China: The new Policy of Harmony and Moral Appeal must prevail
The West is unsure of how to deal with China on the hot issues of Tibet, Taiwan, North Korea and human rights.
Should the U.S. and Europe stop talking about human rights issues, Tibet, or Taiwan because it might be inappropriate?
Not at all. But the West could take a very different approach.
China needs harmony both within and without. This is a key aim of the leadership. In summer 2009, President Hu Jintao gave a speech in which he outlined clearly four strengths that China needs to build to increase its power: economic competitiveness; political influence; image projection; and moral appeal. China wants and needs the world's admiration to become a true Great Power.
'Moral appeal' and 'harmony' are two important keywords of Chinese policy doctrine.

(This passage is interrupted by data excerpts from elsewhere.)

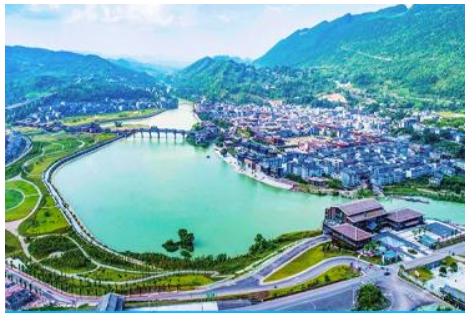
เมืองโบราณจั่วซู่ย

เที่ยง รับประทานอาหารกลางวัน ณ ภัตตาคาร (5)
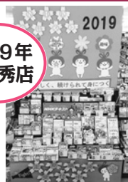
明林堂書店 青山店様(大分県)
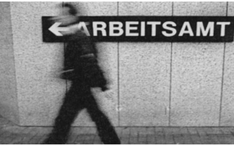
Obwohl in den letzten Jahren zusätzliche Lehrstellen geschaffen wurden, fehlen in der Schweiz immer noch Tausende von Ausbildungsplätzen.

3500 Jugendliche zwischen 16 und 24 Jahren sind im Kanton Bern auf der Suche nach einer Lehrstelle oder einer Arbeit. Immer mehr Jugendliche machen heute sehr jung die fatale Erfahrung vom Arbeitsmarkt ausgeschlossen zu werden. Obwohl in den letzten Jahren zusätzliche Lehrstellen geschaffen wurden und die Konjunktur leicht angezogen hat, fehlen in der Schweiz immer noch Tausende von Ausbildungsplätzen und Arbeitsstellen für Jugendliche. Die Jugendarbeitslosigkeit hat sich in der Schweiz seit 1999 verdreifacht. Wir stehen also vor einem strukturellen Problem: Die Wirtschaft drückt sich immer noch davor, ihre Verantwortung wahrzunehmen und genügend Ausbildungsplätze zu schaffen. Damit brechen die Arbeitgeber laufend ihre Versprechen, die sie vor der Abstimmung über die Lehrstellen-Initiative lipa im Sommer 2003 abgegeben hatten.
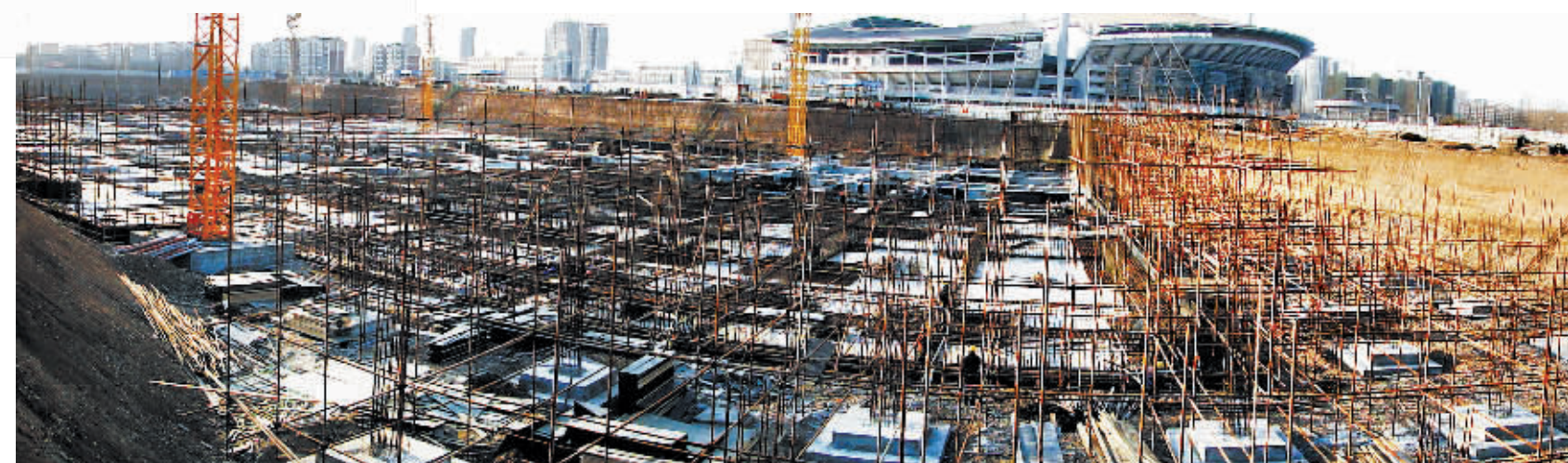
建设中的市人力资源市场暨会展中心
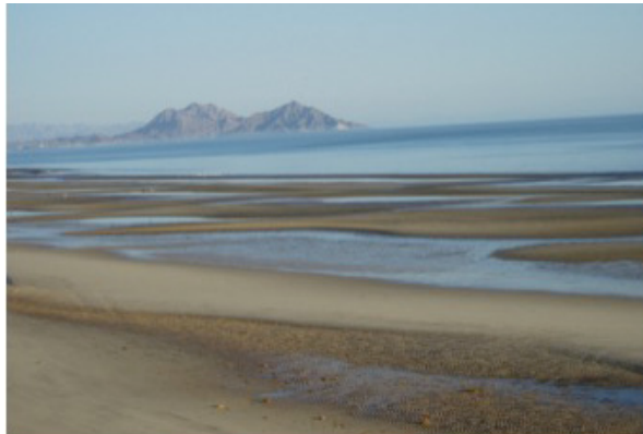
Fig. 6. Vista de las playas de San Felipe.

But this remains to be implemented by hard-line, narrow minded mid-level bureaucrats, who tend to over-react and do more harm than good to those new principles of the Party.
Internal harmony also means harmony in Tibet, in other provinces with minorities like the Uighurs, and finally with Taiwan.
The West should state clearly that while these places are parts of the one China, as East Germany always remained part of the one Germany, different political systems can work side by side as shown very positively by Hong Kong.
Real harmony cannot be attained through force, but only through dialogue and smart policy from both local governments and Beijing. Only a just system that respects the needs, cultures and wishes of local minorities can create and maintain harmony.
Beijing's main enemies are local bureaucrats trapped in old ways of thinking. Harmony must be pursued vigorously as the political priority.
Beijing should produce a 'Harmony Report' for each of its provinces, including Taiwan and Tibet, and rapidly take effective first steps to reach this goal.
They should establish a new Ministry of Reconciliation in Beijing, instilling local politicians with fresh thinking and borrowing best practice from all over the world, like Northern Ireland and South Africa; for example, a release of political prisoners and more respect and oxygen for different nationalities.
In Beijing, officials are in secret talks with high ranking representatives from the Dalai Lama to test the 'wish list' of reconciliation with them on Tibet. (see Hubertus Hoffmann, Dalai Lama WSN Exclusive: Thoughts of Tibet's Spiritual Leader)
China should move forward on diplomatic relations with the Vatican too (see Hubertus Hoffmann, The Pope and Beijing), which have been under discussion for years with the logistical support of the Italian Embassy. The Pope is ready to downgrade existing diplomatic relations with Taiwan and build a modus vivendi with Beijing.
Christian elements are no threat to Beijing's political power, but could fill a moral vacuum in China which otherwise would be filled by sects like the Gaulung Fong and related ideologies.
China should not become too close to errant dictators in small countries and risk becoming patron of rogue states. They should instead promote a clean and clear image as benevolent promoter of a 'New World Order of Mutual Harmony'.